I get the error when removing a CPU that has been hotplugged after boot.

On 03/14/2017 03:42 PM, Tyrel Datwyler wrote:
> On 03/13/2017 03:29 AM, Bharata B Rao wrote:
>> On Thu, Mar 09, 2017 at 01:34:00PM -0800, Tyrel Datwyler wrote:
>>> On 03/08/2017 08:37 PM, Bharata B Rao wrote:
>>>> The following warning is seen when a CPU is hot unplugged on a PowerKVM
>>>> guest:
>>>
>>> Is this the case with cpus present at boot?
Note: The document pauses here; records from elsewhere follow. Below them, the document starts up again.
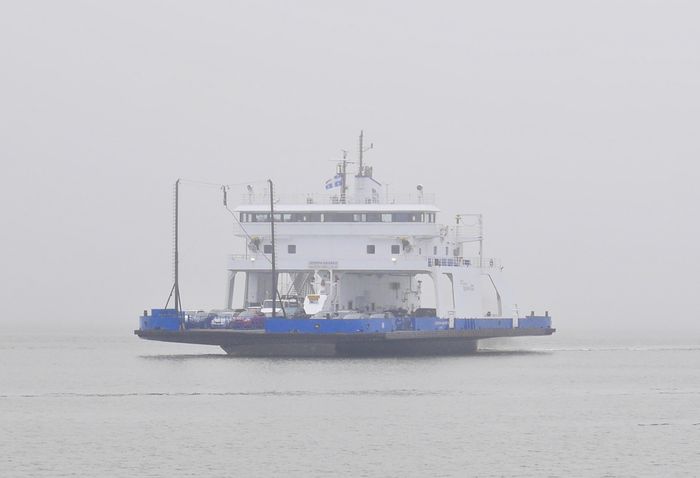 Bienvenue sur l'Isle aux Coudres ! Avant l'installation sur place des premiers colons, l'endroit servait de halte pour la navigateurs qui voulaient enterrer des membres de leur équipage décédés durant la traversée. Les premières familles se fixèrent sur l'île en 1720 et vécurent de l'agriculture et de la pêche. Le fleuve Saint-Laurent fournit de tous temps les moyens de subsistance à ces paysans qui durent s'habituer à la navigation, que ce soit pour chasser le marsouin ou pour pratiquer le cabotage. Non seulement des générations de marins se succédèrent sur ce morceau de terre mais l'île abrita également des chantiers de construction de goélettes à voile ou à vapeur. L'une de ces goélettes depuis disparue, porta le nom d'Isle aux Coudres (ci-dessous), un nom choisi en 1928 par Harvey et Lajoie, deux insulaires qui eurent l'idée de construire ce bateau afin de l'utiliser comme navire de transports de matériaux et de bois de pulpe dès 1930 pour une période de trois année, et uniquement durant l'été, entre l'île et Saint-Joseph de la Rive. Ces traversées se poursuivront entre 1937 et 1948 tandis que des canots à glace remplaceront la goélette une fois l'hiver de retour. Aujourd'hui, c'est à bord du traversier « Joseph Savard » (deuxième photo) que j'embarque ce matin pour me rendre sur l'île en un quart d'heure. La météo, peu clémente, nous gratifie à nouveau d'un brouillard à couper au couteau.
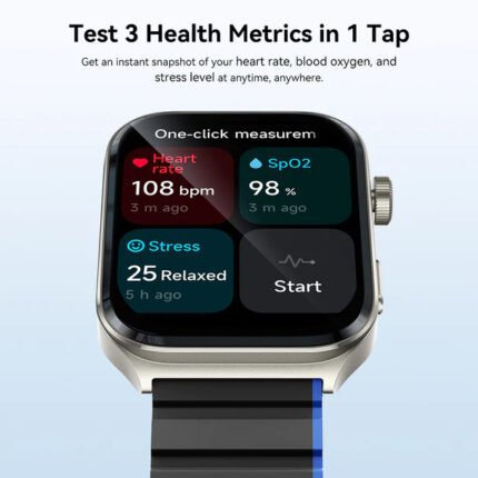 With the Kieslect Ks2 cutting edge health algorithms, you can quickly test and view your heart rate, blood oxygen, and stress levels in 30 seconds by 1 tap. Get an instant snapshot of your health and wellbeing anytime, anywhere.
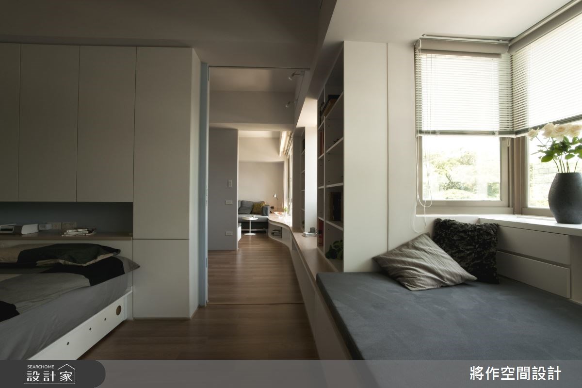 33 坪中古屋,設計師運用簡約的北歐風語彙,並改善居家動線,重塑自然簡約的生活場景,同時改建封閉性廚房,將後陽台的戶外風景與採光援引入室,打造出充滿療癒感的清新視野,快跟著小編一起來看看吧! 居宅整體摒棄過多色彩,回歸簡單的色彩基調,並運用靠窗的長廊串起動線,巧妙銜接公領域及寢臥地帶,不只促進採光與場域互動,更集結窗景、書牆、臥榻、收納等各項主題,形成一道機能性十足的過道;而住宅中的結構柱、大樑則不做過多修飾,讓其各自分佈,促成領域之間的自然界定,餐廚、客廳、起居間亦呈現開放式規劃,保有陽光與空氣的通暢流動;廚房外的陽台更給予重新配置,透過木地板的鋪設,搭配室內植栽與遼闊綠景,以及書桌椅的陳列,讓此區成為屋主專屬的休憩閱讀天地! 小編的最愛 寢臥突破了空間阻斷,讓洗手檯與衣櫃一體成型,再藉由彈性拉門打造半開放式衛浴,使衛浴與臥室產生連結,不僅有效利用坪效,也創造了設計趣味!

What about cpus hotplugged
>>> after boot?
>>
>> I have observed this for CPUs that are hotplugged.
> 
> If removing a cpu present at boot works, but removing one that has been
> hotplugged after boot reproduces the problem it is more likely the case
> that we failed to take a reference during hotplug or released a
> reference we shouldn't have. I'd have to go look at the hot add path.
> 
>>
>>>
>>> My suspicion is that the refcount was wrong to begin with. See my
>>> comments below. The use of the of_node_put() calls is correct as in each
>>> case we incremented the ref count earlier in the same function.
>>>
>>>>
>>>> refcount_t: underflow; use-after-free.
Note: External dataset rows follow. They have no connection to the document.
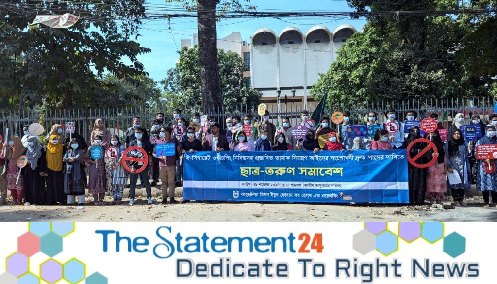 This demand was raised during a youth gathering titled “Demand for Banning E-Cigarettes and Vaping and Immediate Passage of Proposed Tobacco Control Law Amendments”, held in front of the National Museum at Shahbagh, Dhaka, on Thursday morning. Over a hundred students from various universities, including Dhaka University and Jahangirnagar University, participated in the event.
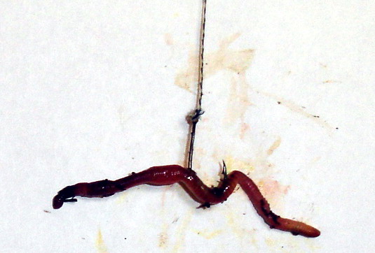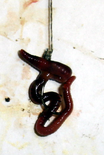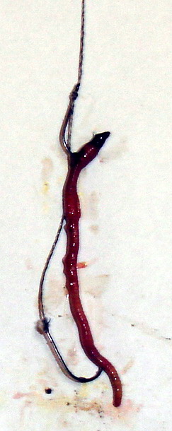 Некоторые способы насаживания червей. 1. Редкую рыбу смущает открытое жало крючка, а вот игра червяка привлекает и возбуждает ее, я одеваю червя таким образом,(см. фото 1) при этом он более живой, привлекательней и не так легко рыбе стянуть его за кончик, как если бы одели его традиционным способом. 2. Выползка лучше всего одевать(это мое мнение и из моей практики, см фото 2) на 2 крючка во весь рост, рыба лучше его видит, берет активней и меньше сходов. 3. Если вас замучила мелочь, которая постоянно стягивает червя с крючка, то оденьте его кольцами на крючок, чтобы не было концов,(см. фото 3) мелочь частично отсечется, а рыба покрупней сразу проглотит всего червя, да ей и сподручней его глотать в таком виде. А кончиков практически нет и не может мелочь его стянуь.
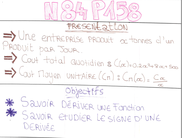 Il s’agit de restituer un exercice travaillé à la maison et présenté devant quelques élèves. Le travail s’est déroulé en plusieurs temps :

>>>> ------------[ cut here ]------------
>>>> WARNING: CPU: 0 PID: 53 at lib/refcount.c:128 refcount_sub_and_test+0xd8/0xf0
>>>> Modules linked in:
>>>> CPU: 0 PID: 53 Comm: kworker/u510:1 Not tainted 4.11.0-rc1 #3
>>>> Workqueue: pseries hotplug workque pseries_hp_work_fn
>>>> task: c0000000fb475000 task.stack: c0000000fb81c000
>>>> NIP: c0000000006f0808 LR: c0000000006f0804 CTR: c0000000007b98c0
>>>> REGS: c0000000fb81f710 TRAP: 0700   Not tainted  (4.11.0-rc1)
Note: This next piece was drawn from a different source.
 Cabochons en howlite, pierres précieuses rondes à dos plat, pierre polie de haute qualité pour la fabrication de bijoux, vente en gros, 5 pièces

>>>> MSR: 800000000282b033 <SF,VEC,VSX,EE,FP,ME,IR,DR,RI,LE>
>>>>   CR: 48002222  XER: 20000000
>>>> CFAR: c000000000c438e0 SOFTE: 1
>>>> GPR00: c0000000006f0804 c0000000fb81f990 c000000001573b00 0000000000000026
>>>> GPR04: 0000000000000000 000000000000016c 667265652e0d0a73 652d61667465722d
>>>> GPR08: 0000000000000007 0000000000000007 0000000000000001 0000000000000006
>>>> GPR12: 0000000000002200 c00000000ff40000 c00000000010c578 c0000001f11b9f40
>>>> GPR16: c0000001fe0312a8 c0000001fe031078 c0000001fe031020 0000000000000001
>>>> GPR20: 0000000000000000 0000000000000000 c000000001454808 fffffffffffffef7
>>>> GPR24: 0000000000000000 c0000001f1677648 0000000000000000 0000000000000000
>>>> GPR28: 0000000010000008 c000000000e4d3d8 0000000000000000 c0000001eaae07d8
>>>> NIP [c0000000006f0808] refcount_sub_and_test+0xd8/0xf0
>>>> LR [c0000000006f0804] refcount_sub_and_test+0xd4/0xf0
>>>> Call Trace:
>>>> [c0000000fb81f990] [c0000000006f0804] refcount_sub_and_test+0xd4/0xf0 (unreliable)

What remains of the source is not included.